M
ás de mil hondureños rompieron la madrugada de ayer un cerco policial en la frontera de su país con Guatemala a fin de unirse a las alrededor de 600 personas que desde el martes partieron de la ciudad de San Pedro Sula en una nueva caravana que pretende llegar a territorio estadunidense atravesando México. En reacción a este episodio migratorio colectivo, la secretaria de Gobernación, Olga Sánchez Cordero, informó que las autoridades mexicanas atenderán con muchísimo gusto
a quienes soliciten asilo o refugio, busquen incorporarse a algún programa migratorio, obtener becas de estudio o deseen ser incluidos en algún programa social, pero de ninguna manera otorgarán salvoconductos
o visas de tránsito
que permitan el avance hacia la frontera norte. Por su parte, el canciller Marcelo Ebrard habría comunicado al gobierno guatemalteco que México hará todo lo que esté en sus manos para detener a la población en movilidad.
La situación reaviva el debate acerca del inédito papel que desde el año pasado nuestro país juega en la política migratoria regional. Durante décadas expulsor a gran escala de personas, en los lustros recientes el territorio mexicano se había convertido en testigo del tránsito de centenares de miles de centroamericanos –principalmente del Triángulo Norte, formado por Guatemala, Honduras y El Salvador– que huían de la violencia y la casi absoluta falta de oportunidades en sus países de origen. Aunque desde el arranque de este fenómeno existió algún nivel de presión de Washington para que México frenara el flujo de extranjeros sin documentación, en los hechos, las autoridades volteaban hacia otra parte y los dejaban en un limbo que los exponía a la doble extorsión del crimen organizado y los agentes migratorios (que, por testimonio de los extranjeros, se volvían difíciles de distinguir).
Todo cambió con la llegada de Donald Trump a la Casa Blanca, cuando el comercio bilateral se convirtió en rehén de los caprichos electoreros del magnate y el gobierno mexicano se vio forzado a aceptar el incómodo rol de inspector del estatus migratorio de quienes intentan llegar a Estados Unidos por vía terrestre. Dicho papel de frontera desplazada
ha introducido en México una inocultable tensión entre legalidad y humanitarismo, pues si bien es cierto que ningún Estado permite el ingreso a su territorio de quienes no cuenten con la documentación requerida, también lo es que resulta insensible solicitar tramites costosos y difíciles de adquirir (como lo es la visa mexicana para residentes de Centroamérica) a quienes atraviesan severas penurias e incluso enfrentan amenazas contra su vida.
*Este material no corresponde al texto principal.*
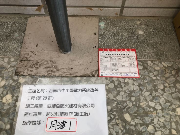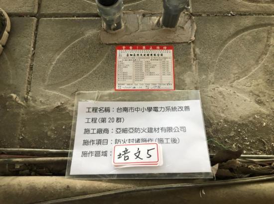 台南市中小學電力系統改善工程(第20群)防火封堵施作
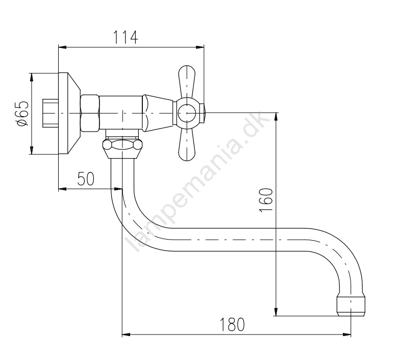 • Vægmonteret køkken-/håndvaskarmatur med rundt udløb 180 mm.
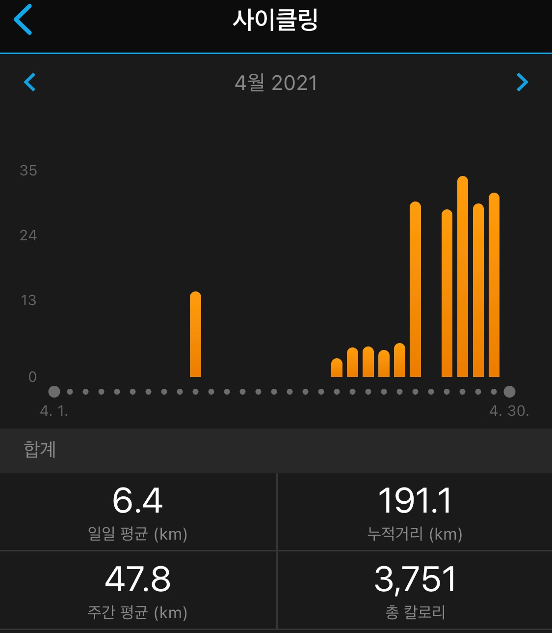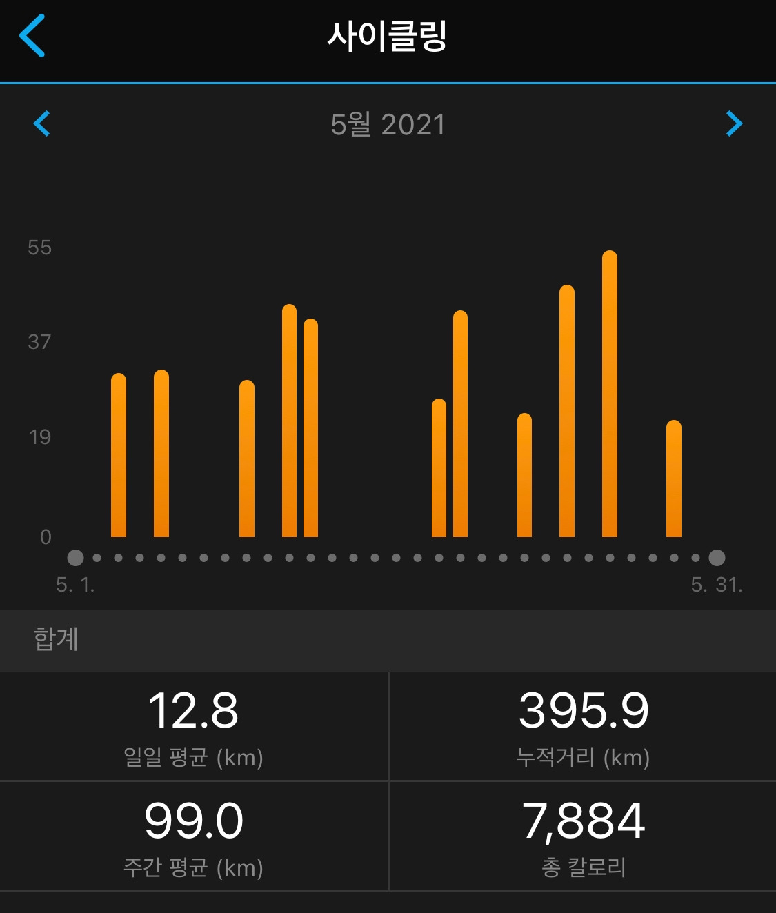 4,5월 사이클링 기록을 확인해 보니 누적거리가 587km이었다. 4월 중순부터 5월 말까지, 총 6주를 탔으니까 일주일에 적어도 100km는 자전거를 탔다고 할 수 있다.
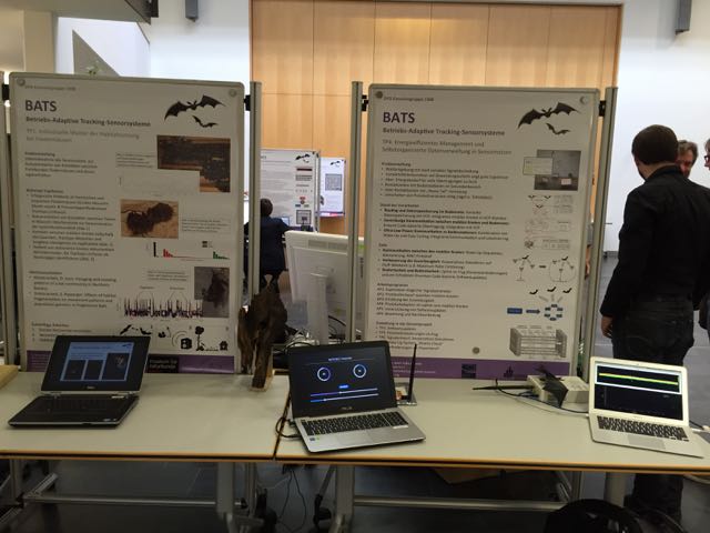 Besides every project having its own small indoor demo, we had an outdoor demo that basically combined the work of the different subprojects. We showed 1.8 gram sensor motes that were already put on bats in field tests in Panama. The signal from the mote were used for both data communication and ranging. The motes can communicate with each other and record the IDs of motes in close proximity (i.e. the bats friends). This meeting data is encoded using erasure codes and send to the ground network once the bat is in range.

Más allá de la cuestión de si la actual y las pasadas caravanas son producto de movimientos poblacionales espontáneos u operaciones de grupos con intereses soterrados, sería absurdo poner en duda que quienes abandonan sus hogares para emprender el incierto camino al norte lo hacen movidos por causas de fuerza mayor. Asimismo, parece evidente que cualquier solución sensata a esta problemática pasa por cambiar el énfasis del estatus legal de quienes por diversas causas son expulsados de sus lugares de origen, la primera de las cuales se encuentra en la continuidad del modelo económico diseñado para facilitar la ilimitada acumulación de riqueza a una pequeña élite a costa de la desposesión de las grandes mayorías sociales.